北京が2013年から2016年にかけてフィリピンが起こした仲裁を、アメリカと日本が仕組んだものだと主張して弱体化させようとしたのも、この感情によるものだ。そして、セカンド・トーマスでの暴力についてフィリピンが外交的に異議を唱えるたびに、中国当局者が苦情の中身を無視し、アメリカの陰謀の手先であるとフィリピン側に説教するのもそのためだ。

2023年9月、中国沿岸警備隊の船がフィリピン船と衝突しそうになったとき、北京はおなじみの台本を読み上げた。フェルディナンド・マルコスJr.大統領は、同週のASEAN首脳会議で、フィリピンは南シナ海問題について米中競争を軸とした物語を拒否すると述べ、不満を露わにした。マルコスは、「これはわれわれの独立性と主体性を否定するだけでなく、われわれ自身の正当な利益も無視している」と主張した。

その1ヵ月後、フィリピンが自国と中国との間で起きた別の暴力事件に不満を漏らした後、『グローバル・タイムズ』は社説でフィリピンを、南シナ海をかき乱すために米国に利用されている棒にすぎないという漫画を掲載した。

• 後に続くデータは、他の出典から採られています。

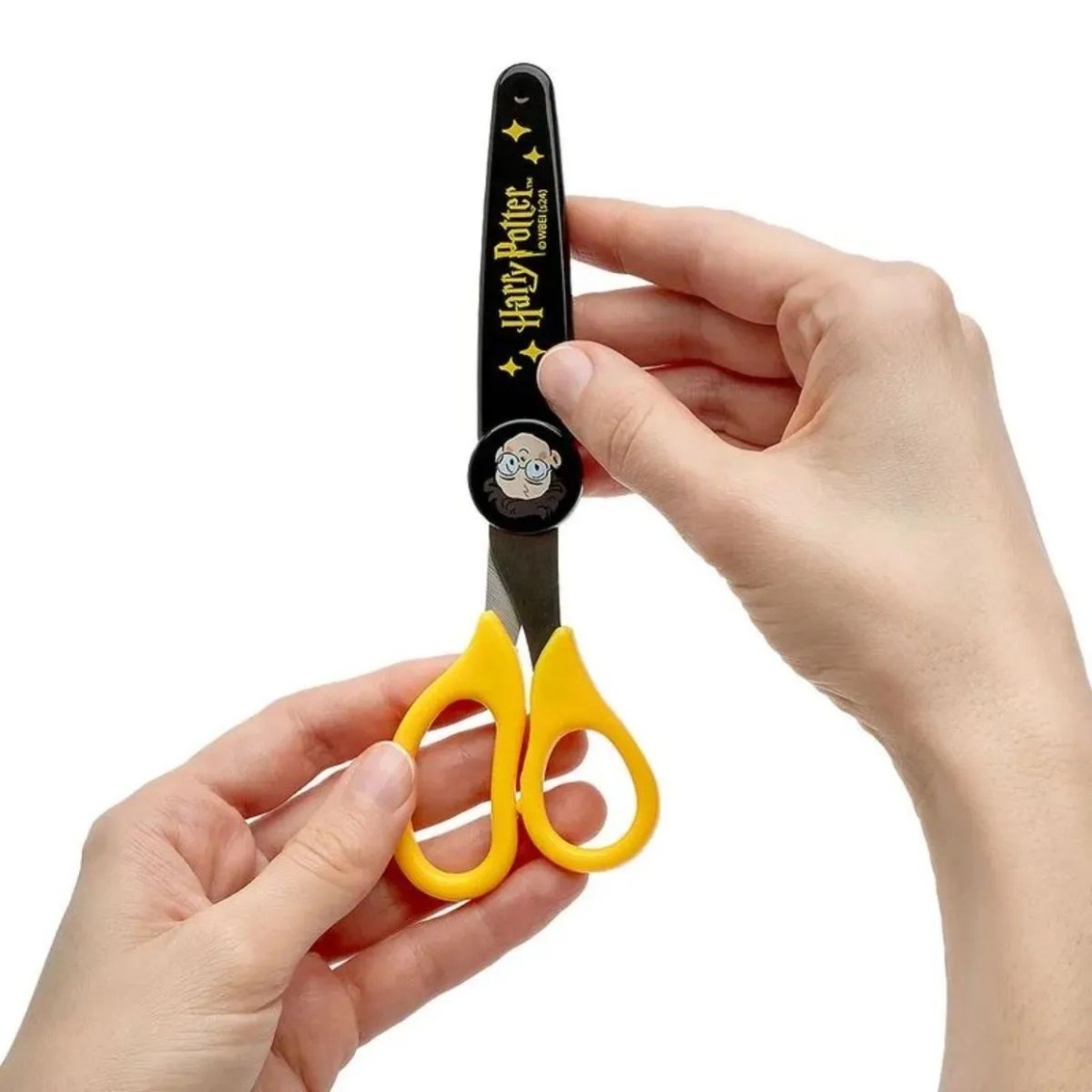 A tesoura vem com estampa na lâmina de aço inoxidável, e capa protetora estampada com ilustração do Harry Potter para maior segurança na hora de guardar e armazenar no estojo.

北京は、マニラや他の東南アジアの領有権主張者が、紛争を平和的に管理するために対処しなければならない正当な不満を持っていることを認める準備ができていない。北京は、他の国家は自国の主権と権利にあまりコミットしておらず、アメリカの干渉のためだけに中国に反抗し、持続的な圧力の前に最終的には屈服するだろうと考えているようだ。第二トーマス諸島で何度も同じような強圧的な駆け引きを繰り返しても、フィリピンの政策が変わるとは思えない。

中国の地域外交政策におけるこの強引な側面の背景には、2つの原動力がある。中国が長年抱いてきた地域の序列観では、アジアの序列において小国は歴史的にも必然的にも北京に従属する。中国との伝統的な属国関係の長い遺産や、この地域における中国の文化、言語、経済力の歴史的な優位は、中国の意思決定者の心の中にまだ残っている。

中国の指導者たちはまた、米国を長期的な封じ込め戦略の立役者であり、中国の地域的影響力を弱体化させ、最悪は中国共産党の崩壊をもたらそうとしていると純粋に考えている。この見方は、1949年の中華人民共和国建国直後から続くもので、現在では北京の対外環境に関する考え方の多くを彩っている。中国の習近平国家主席が3月に述べたように、「米国に率いられた西側諸国は中国を全面的に封じ込め、包囲し、抑圧してきた。」

近隣諸国の懸念や不満を正当なものとして扱おうとしない北京の姿勢は、今や対外関係管理における最も顕著な課題のひとつとなっている。米政府高官も内心認めているように、バイデン政権がオーストラリアからインド、フィリピンまで、この地域の国々との関係強化を進めてきたのは、外交手腕というよりも中国の横暴によるものだ。北京が軌道修正し、地域の関係者を刺激者ではなくパートナーとして扱うようになれば、米国のインド太平洋戦略はこれまでで最大の難題に直面することになるかもしれない。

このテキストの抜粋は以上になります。